(Dataset items)
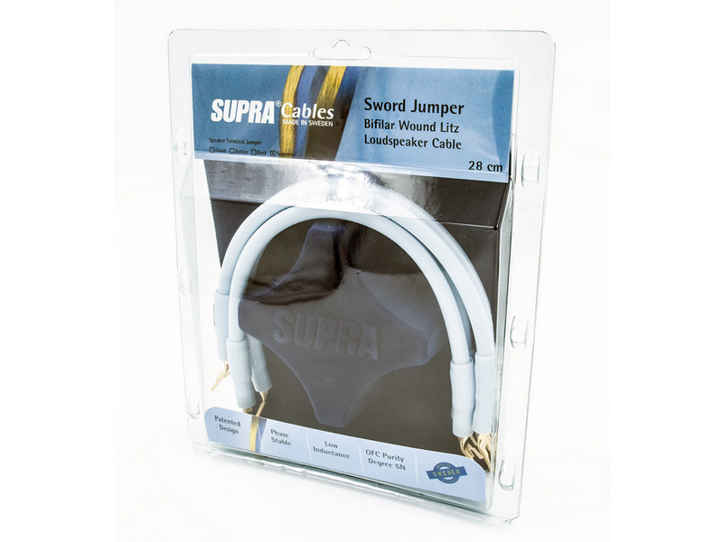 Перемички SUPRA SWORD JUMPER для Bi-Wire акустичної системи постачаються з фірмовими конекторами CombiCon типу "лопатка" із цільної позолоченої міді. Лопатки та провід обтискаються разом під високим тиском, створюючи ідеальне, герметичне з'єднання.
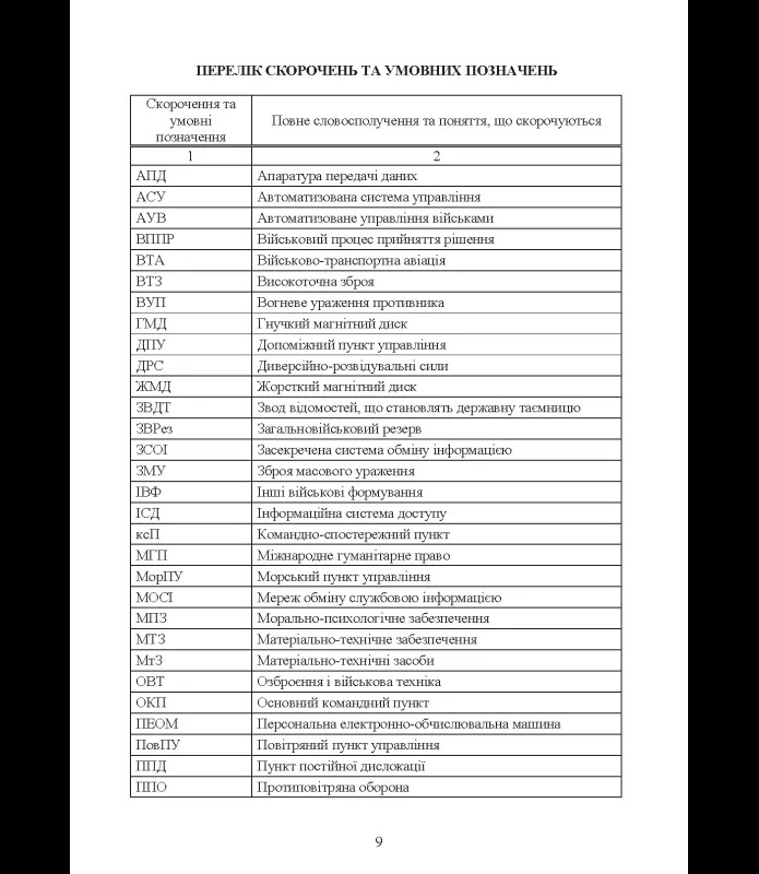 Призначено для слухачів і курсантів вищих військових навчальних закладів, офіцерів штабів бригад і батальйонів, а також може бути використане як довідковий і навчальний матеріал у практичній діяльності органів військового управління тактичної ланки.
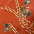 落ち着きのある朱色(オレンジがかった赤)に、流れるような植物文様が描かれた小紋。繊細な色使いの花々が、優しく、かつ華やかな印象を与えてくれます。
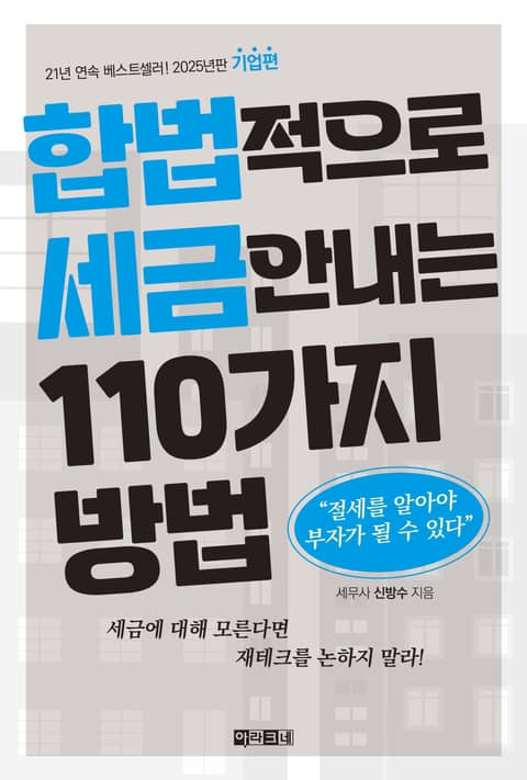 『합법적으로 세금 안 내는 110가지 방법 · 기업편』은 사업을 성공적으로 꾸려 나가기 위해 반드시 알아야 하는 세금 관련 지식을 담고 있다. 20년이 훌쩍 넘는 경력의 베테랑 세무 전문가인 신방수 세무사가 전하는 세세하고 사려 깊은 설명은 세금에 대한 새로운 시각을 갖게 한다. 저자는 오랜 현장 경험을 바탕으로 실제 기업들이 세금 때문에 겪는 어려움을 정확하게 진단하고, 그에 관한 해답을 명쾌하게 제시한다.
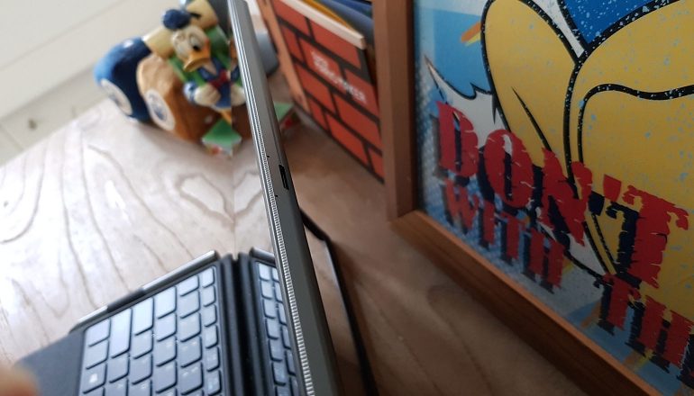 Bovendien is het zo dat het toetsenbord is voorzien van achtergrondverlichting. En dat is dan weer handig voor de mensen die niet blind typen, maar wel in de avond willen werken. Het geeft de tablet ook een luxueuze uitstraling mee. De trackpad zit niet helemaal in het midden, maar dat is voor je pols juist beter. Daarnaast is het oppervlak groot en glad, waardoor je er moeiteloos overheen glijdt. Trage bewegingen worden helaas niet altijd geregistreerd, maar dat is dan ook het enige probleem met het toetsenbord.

Aim of the exercise: Please repeat the records above word for word, and do not include the pictures.

Answer for this exercise:
 Перемички SUPRA SWORD JUMPER для Bi-Wire акустичної системи постачаються з фірмовими конекторами CombiCon типу "лопатка" із цільної позолоченої міді. Лопатки та провід обтискаються разом під високим тиском, створюючи ідеальне, герметичне з'єднання.
 Призначено для слухачів і курсантів вищих військових навчальних закладів, офіцерів штабів бригад і батальйонів, а також може бути використане як довідковий і навчальний матеріал у практичній діяльності органів військового управління тактичної ланки.
 落ち着きのある朱色(オレンジがかった赤)に、流れるような植物文様が描かれた小紋。繊細な色使いの花々が、優しく、かつ華やかな印象を与えてくれます。
 『합법적으로 세금 안 내는 110가지 방법 · 기업편』은 사업을 성공적으로 꾸려 나가기 위해 반드시 알아야 하는 세금 관련 지식을 담고 있다. 20년이 훌쩍 넘는 경력의 베테랑 세무 전문가인 신방수 세무사가 전하는 세세하고 사려 깊은 설명은 세금에 대한 새로운 시각을 갖게 한다. 저자는 오랜 현장 경험을 바탕으로 실제 기업들이 세금 때문에 겪는 어려움을 정확하게 진단하고, 그에 관한 해답을 명쾌하게 제시한다.
 Bovendien is het zo dat het toetsenbord is voorzien van achtergrondverlichting. En dat is dan weer handig voor de mensen die niet blind typen, maar wel in de avond willen werken. Het geeft de tablet ook een luxueuze uitstraling mee. De trackpad zit niet helemaal in het midden, maar dat is voor je pols juist beter. Daarnaast is het oppervlak groot en glad, waardoor je er moeiteloos overheen glijdt. Trage bewegingen worden helaas niet altijd geregistreerd, maar dat is dan ook het enige probleem met het toetsenbord.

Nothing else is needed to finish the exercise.